Örneğin, noterlik görevini yürüten başvurucu hakkında görevi ihmal suçlamasıyla yetkili ve görevli Ağır Ceza Mahkemesinin son soruşturma açılması kararının, başvurucunun suçlu bulunduğuna ilişkin nihai bir karar olarak nitelendirilmesi mümkün olmadığından bu konuda Anayasa Mahkemesince başvuru yollarının tüketilmediğine karar verilmiştir. Bu kararında Mahkeme, başvuruya konu işlemle, başvurucunun noterlik görevi nedeniyle Kanun’da
belirtilen usule göre yürütülen soruşturma sonunda son soruşturmanın açılmasına karar verilerek sanık olarak yargılanmasının yolunun açıldığını tespit etmiştir. 
Bu durumun bir cezalandırma olduğu ve bunun tek başına masumiyet karinesini ihlal ettiği yönündeki iddiaları ise hukuki temelden yoksun bulmuş, başvurucu 
hakkında öngörülen yargılama sürecinin de yürütülüp tümüyle sonuçlandırılmamış olduğunu dikkate almış ve başvuruyu başvuru yollarının tüketilmediği ve açıkça dayanaktan yoksun olduğu gerekçeleriyle kabul edilemez bulmuştur (B. No: 2012/363, 5/3/2013). 
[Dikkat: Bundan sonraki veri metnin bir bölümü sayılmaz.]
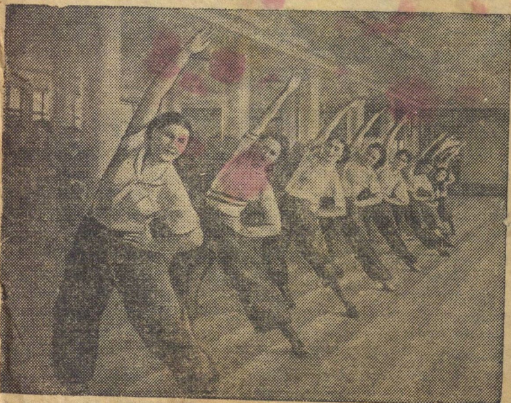
Группа девушек-комсомолок автозавода имени Сталина (Москва) выполняет гимнастические упражнения из комплекса ГТО.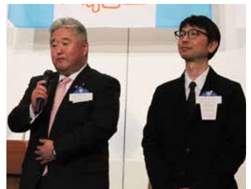
大塚社会奉仕委員長。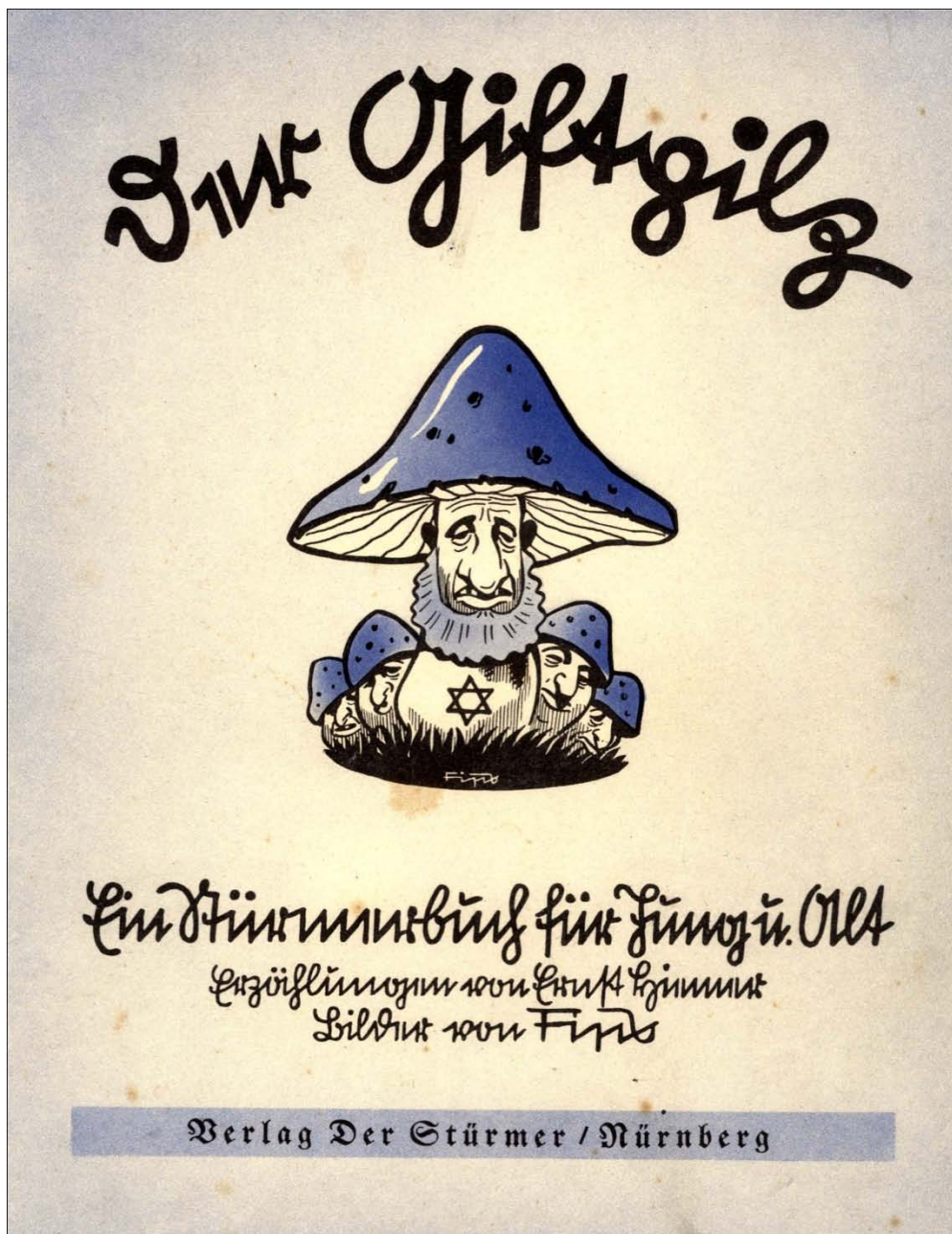
Abb. 1 mit Bildtext: Der Giftpilz. Ein Stürmerbuch für Jung u.[und] Alt. Erzählungen von Ernst Hiemer Bilder von Fips 1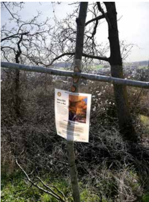
14 Stationen waren mit einem einfachen Holzkreuz und Bildkarte vom örtlichen Gemeindeteam gestaltet.

Mahkeme bir başka kararında, başvurucunun Anayasa Mahkemesinden iptalini istediği idari işlemin idari yargı organları önünde yargısal denetiminin devam 
etmekte olduğunu ve derece mahkemesinin henüz uyuşmazlığın esası hakkında bir karar vermediğini tespit ederek başvurunun başvuru yollarının tüketilme mesi gerekçesiyle kabul edilemez olduğuna karar vermiştir (B. No: 2013/1243, 16/4/2013). 
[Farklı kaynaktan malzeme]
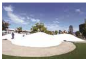
陽だまり広場にあるふわふわドーム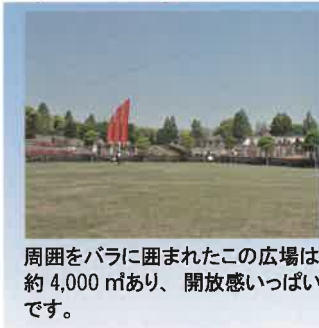
周囲をバラに囲まれたこの広場は約4,000㎡あり、開放感いっぱいあります。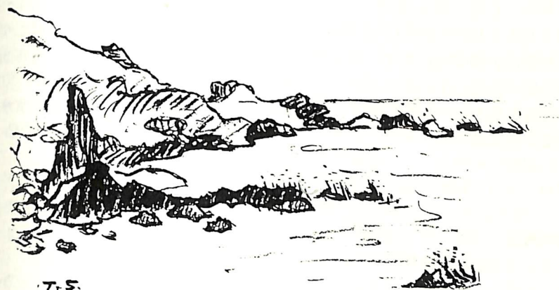
7-5 毘法華の海 椎谷 龍彦 会員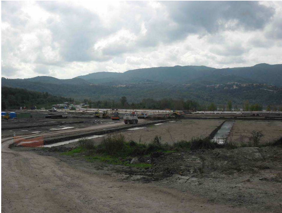
Foto 2– Località S.Barbara – Piazzole di stoccaggio Fase 2 – Fondazioni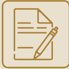
فسخ العامل العقد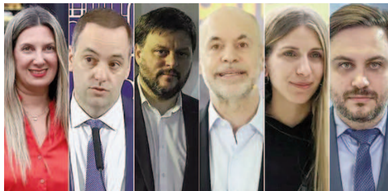
Los cabezas de listas.

A tono con la importancia de una elección que tendrá efectos colaterales, los libertarios saldrán a la cancha con una de sus principales figuras. El jueves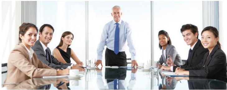
▲ 重要會議座次安排亂套、參與資源耗用龐大的計畫中，立場與地位認知偏頗等等，都可能造成「失之毫釐，差之千里」，讓人極感意外的慘慘結果。（網路截圖）

對絕大多數女士與可能佔比較少的男士來說，打理只有方寸大小的臉，使其保持得「美美的」，是比照顧身體其他器官還重要的事。所以「救命不如救醜」，為救命的醫療支出，遠遜於「寸土寸金」的整形美容，讓人感慨，但也無可奈何。

56. Karar düzeltme kanun yolu tüketilmesi zorunlu bir başvuru yolu mudur? 

Bir kamu gücü işlemine karşı bireysel başvuru yapılmadan önce derece mahkemelerince verilmiş olan kararlara karşı tanınmış olan başvuru yollarının da tüketilmesi gerekir. 
Burada başvurucudan beklenen olağan nitelikteki tüm başvuru yollarını tüketmesidir. Karar düzeltme doktrinde her ne kadar olağan bir kanun yolu olarak nitelendirilmekteyse de Anayasa Mahkemesi; hukuk yargısı, idari ve askeri idari yargı kararlarına karşı bireysel başvuru açısından bu kanun yolunun, 
tüketilmesinin zorunlu olmadığını kabul etmektedir. Başka bir anlatımla karar düzeltme yolu açık olan kararlar bakımından bu yola gitmeksizin temyiz 
onama kararının ardından başvuru süresi içinde Anayasa Mahkemesine yapılan başvurular başvuru yollarının tüketilmediği gerekçesiyle reddedilmemektedir 
(B. No: 2012/73, 5/3/2013). 

Bununla beraber tüketilmesi zorunlu olmayan bu yola bir kez başvurulmuşsa bu süreç bitirilmeden bireysel başvuru yapılamaz. Bu çerçevede, hukuk, idari ya 
da askeri idari yargıda görülen ve karar düzeltme yolu açık olan bir karara karşı bu yola başvurulmuşsa Anayasa Mahkemesine bireysel başvuruda bulunabilmek 
için, öncelikle karar düzeltme talebinin sonucunun beklenmesi, dolayısıyla bu yolun tüketilmesi gerektiği açıktır. Nitekim Anayasa Mahkemesi bir kararında, 
etkili ve sonuç almaya yeterli görerekbaşvurduğu bir kanun yolunda davasının sonuçlanmasını ve bu konuda bir karar verilmesini beklemeden yapılan bireysel 
başvurunun kabul edilemezliğine karar verilmesi gerektiğine hükmetmiştir (B. No: 2013/1177, 26/3/2013). Yine Mahkeme bir başka kararında, karar düzeltme süreci devam ederken yapılan bir başvuruyu davanın Yargıtay önünde derdest olduğu gerekçesiyle kabul edilemez bulmuştur (B. No: 2012/403, 26/3/2013). 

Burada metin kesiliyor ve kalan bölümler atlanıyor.